Most joints throughout the frame were attached with galvanized deck screws, plus these metal framing brackets that you can see in the pictures above. You may notice that I stacked five 2x4's in the middle of this section pictured above, this is to provide a sturdy base for my pedestal seat.
Now that the frame is complete and secured to the boat, its time to get some plywood and cut it to shape.
So the plywood ended up being a lot more tedious than I imagined. This was because the back edge of my deck frame was wider than 4 ft, and as everybody knows plywood only comes in 4 ft wide sections. So to cover my deck with plywood, I just turned the plywood sideways across the front of the boat. I then traced the outline of the boat with pencil onto the plywood to give me the rough dimensions of the boat. I then had to trim the edges in order for the plywood to sit flush on the deck frame which is sitting inside the boat. Now because we had to turn the plywood sideways, there was a small gap remaining in the plywood at the very front of the boat, as you can see in the picture below.
Because of this gap, now I had to cut a small piece of plywood, to fit inside that gap. This was easy, I simply used cardboard, and created a template for the small section. Where I ran into a problem, is now how am I going to attach this small piece to the rest of the plywood? Well after a long thought process I decided to attached both pieces with liquid nail to create a seamless surface, and also I used small sections of scrap wood and secured those to the underside of the seam to provide more stability. You can see this process in the pictures below.
After the liquid nail dried, this seam was not only seamless, but also very sturdy. All that was left was to cut a notch in the very point of the plywood to provide space for wiring, and then the plywood for the deck was complete!
The next step in the building process is to cut a door, to provide access to the huge amount of storage space underneath the deck. I had to think for a while and decide the doors position and what shape it would be. Because my trolling motor would be hanging over on the left side of my deck, I decide to cut one door on the right side of my deck. To provide the door with good stability, I added two more 2x4's to the frame to establish the shape of the door. You can see this in the picture below.
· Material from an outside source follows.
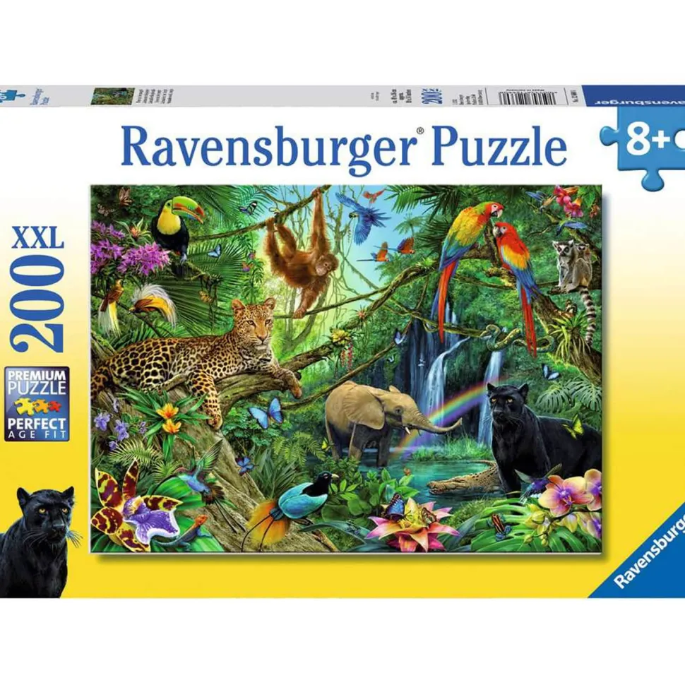 Entendez-vous le chant des oiseaux et le bruit de l’eau ? Observez cette illustration et laissez-vous emporté par l’évasion et l’exotisme ! Ce puzzle vous plongera dans la jungle au coeur de la végétation luxuriante où se côtoie plusieurs animaux sauvages : un éléphant, un léopard, des perroquets, des toucans, un singe …Ce puzzle Ravensburger a pour thème les animaux de la jungle. C’est un puzzle composé de 200 pièces XXL en carton, il est facile à réaliser et adapté aux enfants de 6 à 10 ans. En mode paysage, il mesure 49 cm de longueur pour 36 cm de largeur.

Next to ensure that the door would be precise I had to trace the shape of the door on the plywood. This required my 6'3" frame to climb underneath the seat to access the underside of the deck. After much wiggling, I traced the outline of the underlying 2x4 frame to provide a template for cutting the door.
So I would not have to add supports to the door itself, I measured 3/4 of an inch
(half the width of a 2X4) to provide a lip for the door to sit on. You will see what I mean in a second. But next I grabbed the jigsaw, and cut the door out of the plywood. You can see the completed door in the pictures below.
All that is left for the door is to add hinges, but we will worry about that later. But as you can see, when the door is shut, it will rest on the 2X4 frame underneath to provide a sturdy and functional door to access my battery, and other storage space.